A mobile health van goes to some villages at least one day a week, young women have trained as beauticians, doctors have flown in from Korea to fix the cleft palates of local children, scholarships for study have been awarded and street lights have been erected.
On an international level, corporate social responsibility (CSR) has been a major focus for Posco, the only major steel company listed in the Dow Jones Sustainability Indexes, which track the performance of leading companies deemed to operate in a socially responsible manner. Its efforts in India coincide with increased attention to the subject.
Last month, Prime Minister Manmohan Singh urged business leaders to give back more; on Thursday, the Confederation of Indian Industry begins the first national conference on CSR in Chennai.
Posco’s initiatives are more than just an extension of the parent company’s focus on corporate social responsibility and philanthropy. They represent an attempt to set the tone for the company’s image in India and turn local sceptics in the affected region of Orissa into supporters of the project. “The idea behind doing all this CSR is to earn the goodwill of the community and grow along with them,” says Posco spokesman Shashanka Pattnaik.
Though the company calls their push at fostering “goodwill” a success—despite the detention of its employees and continuing local resistance—observers question the effectiveness of rolling out social initiatives in a place in which it doesn’t yet operate.
“What companies really need to make sure they do is to engage the community.

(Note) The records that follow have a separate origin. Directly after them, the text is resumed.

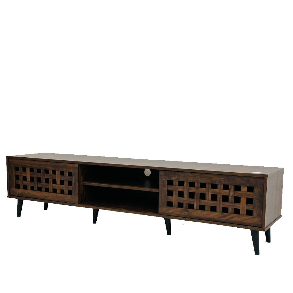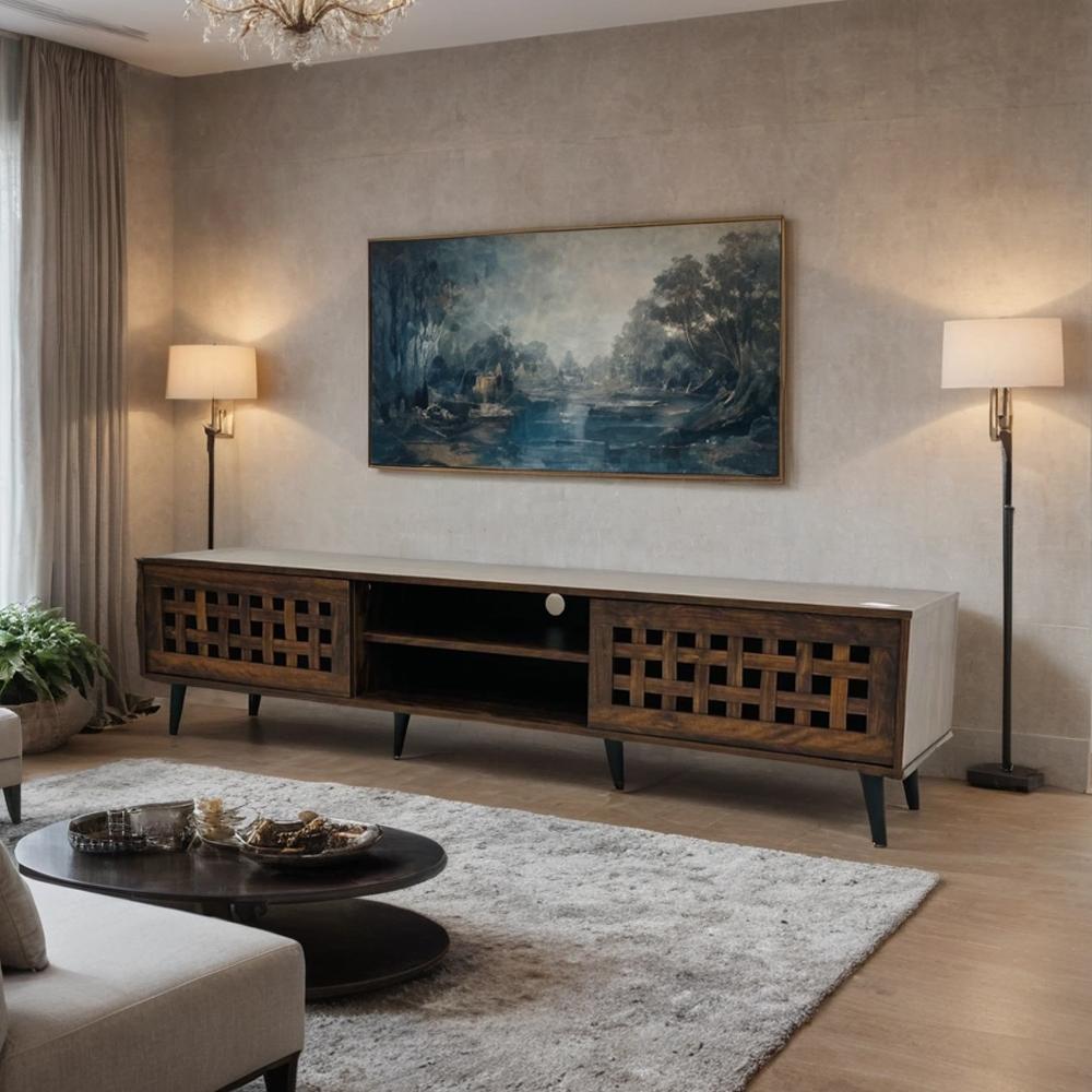 يمكن لهذه الوحدة المصنوعة من الخشب المصمم هندسيًا أن تستوعب شاشات تلفزيون صغيرة إلى كبيرة الحجم.
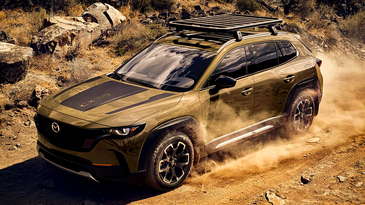 Mazda анонсировала целую расширенную линейку свежих внедорожников, которые появятся в ближайшие несколько лет, и первый из них наконец-то был показан. Mazda CX-50 2023 года заполнит нишу между CX-30 и CX-5. И у него будет ряд интересных функций, включая гибридный силовой агрегат. Дизайн выглядит как более прочная и мощная версия CX-5. У автомобиля более широкие крылья с детализированными пластиковыми вставками. Решетка радиатора имеет смелую раму и может быть выполнена в черном глянцевом цвете. На капоте даже имеются спортивные матово-черные наклейки. Mazda также отметила, что задние двери были снабжены особенно широкими отверстиями, чтобы было легче наступать на пороги для доступа к багажнику на крыше. Интерьер напоминает другие мазды, с его минималистичной приборной панелью и большими скрытыми вентиляционными отверстиями. Так же ожидаются такие элементы, как вертикальные вентиляционные отверстия вокруг панели приборов, которые сделают её уникальной и более квадратной по форме. Ма
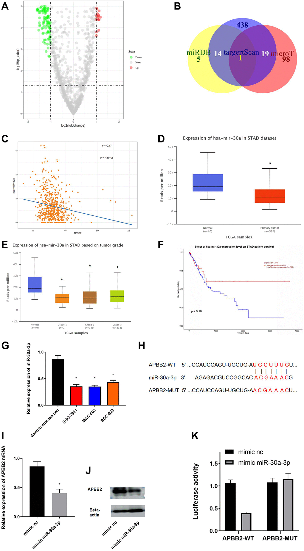 To explore the mechanism of APBB2 expression in GA, an in-depth analysis of the regulatory pathways located upstream of APBB2 was conducted. A total of 89 different miRNAs were obtained to perform a differential analysis (Figure 3A). The potential upstream miRNAs of APBB2 were predicted using miRDB, targetscan, and microT databases. miR-30a-3p was obtained from the inter-section of 66 down-regulated miRNAs (Figure 3B). A Pearson correlation analysis revealed that there was a negative correlation between miR-30a-3p and APBB2 (Figure 3C). An analysis of the TCGA-GA database revealed low miR-30a-3p expression in the tumor tissues (Figure 3D). In addition, miR-30a-3p expression was decreased in relation to the progression of clinical stages (Figure 3E) of GA. The above evidence was in accordance with the data gained from other cell lines (Figure 3E). A Kaplan-Meier analysis of TCGA-GA dataset revealed that GA patients exhibiting higher miR-30a-3p expression were associated with a longer survival period (Figure 3F).
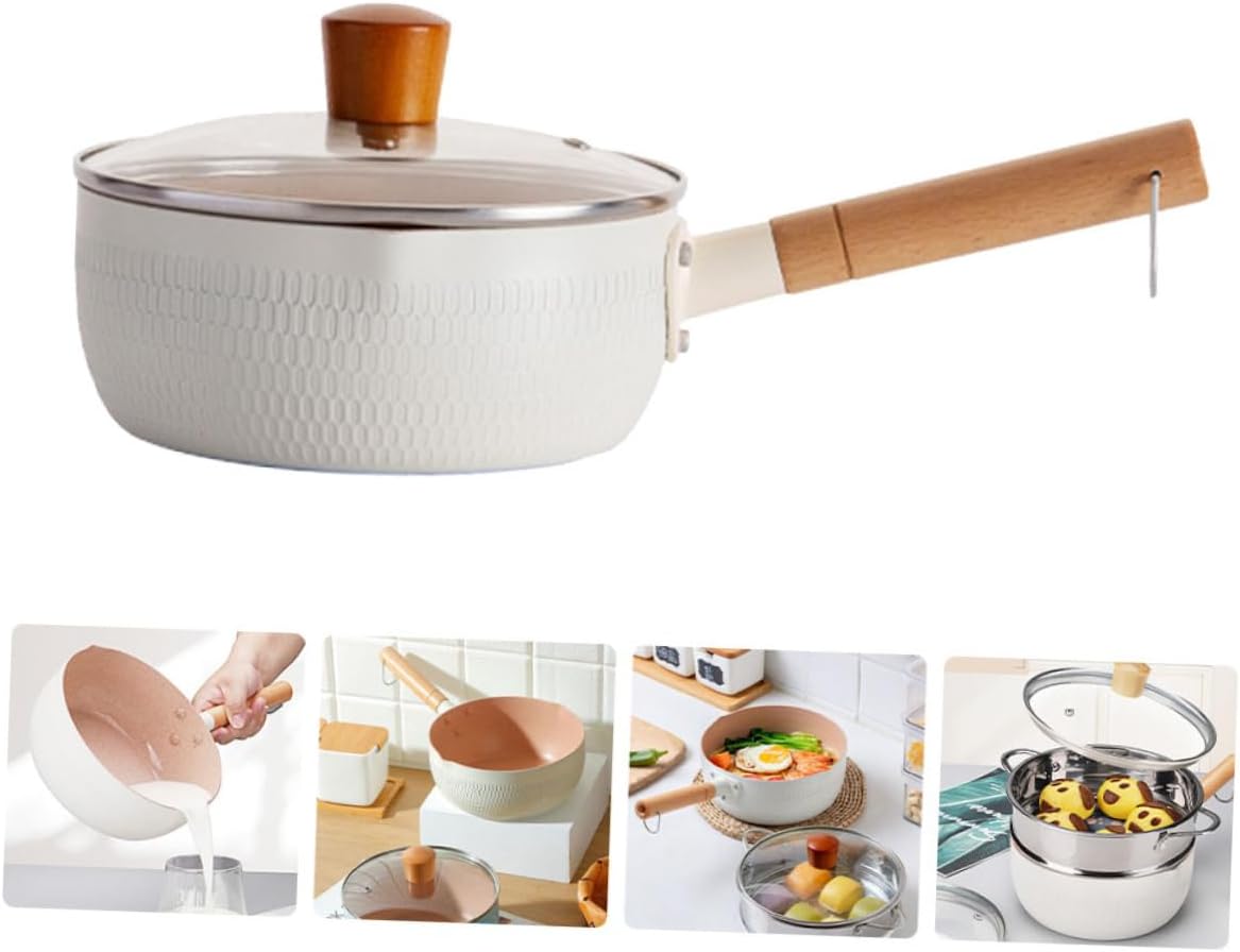 Package Include 1 x set of Features -Material: Wood, tempered glass, aluminum medical stone Cooking Pot. -Color: White Food Cooking Pot. -Size: About 34.00X18.00X8.00cm/13.36X7.07X3.14inch Soup Pot. -With non-stick design, this convenient will be easy to clean after using Milk Saucepan. -You can pour out through double diversion trench conveniently and Milk Pan. -It comes with a long heat-resistant, ergonomic and hole design handle, easy to store Instant Noodle Pot. -Very easy and convenient to clean, just use dishwashing to it after use Household Cooking Pot. -It is a container for cooking food, milk, sauces, desserts, salads, especially instant noodles, it can be used as a pot and also a bowl Complementary Food Pot.Goods Description Soup Pot The leak-proof design will make you pour food smoothly.Household Food Pot This is a milk saucepan.Milk Saucepan The long handle will protect your hands form high temperature.Heating Pot with Handle The thickened pot is suitable for cooking soup, complementary food, heating milk and etc.Instant Noodle Pot Made of materials, for use

You need to make sure that you truly understand what the issues are,” said Jane Fiona Cumming, director of London-based corporate social responsibility consultancy Article 13. “If, however, you’ve come in to buy the community, that as a strategy doesn’t work.”
She clarified that she spoke as a CSR strategist only familiar with the basic details of Posco’s case.
Posco says it has listened closely to the community in Orissa, developing a three-pronged strategy based around rural development, education and healthcare after canvassing the villages that lie in the path of its steel plant.
While it initially operated from the state capital in Bhubaneswar, the officials realized they needed to be closer to the plant site and opened a field office in the district to address the “image problem” it couldn’t shed—that of an outsider—according to Pattnaik.
Posco is hoping to use CSR to improve its brand image among the people.
Pattnaik says, Posco is formulating a 30-year plan for its social initiatives here on the basis of an analysis that it is conducting in the community—discussing plans with village leaders and often the women of the community.
As for Dhinkia, where resistance to the project has been strongest, the company has withdrawn its social initiatives, but remains in the two neighbouring panchayats.
The villagers in Dhinkia see their neighbours getting health care and many have begun asking questions and travelling to take advantage of Posco’s programmes, says Pattnaik.
“We’re hoping things fall into place there,” he adds.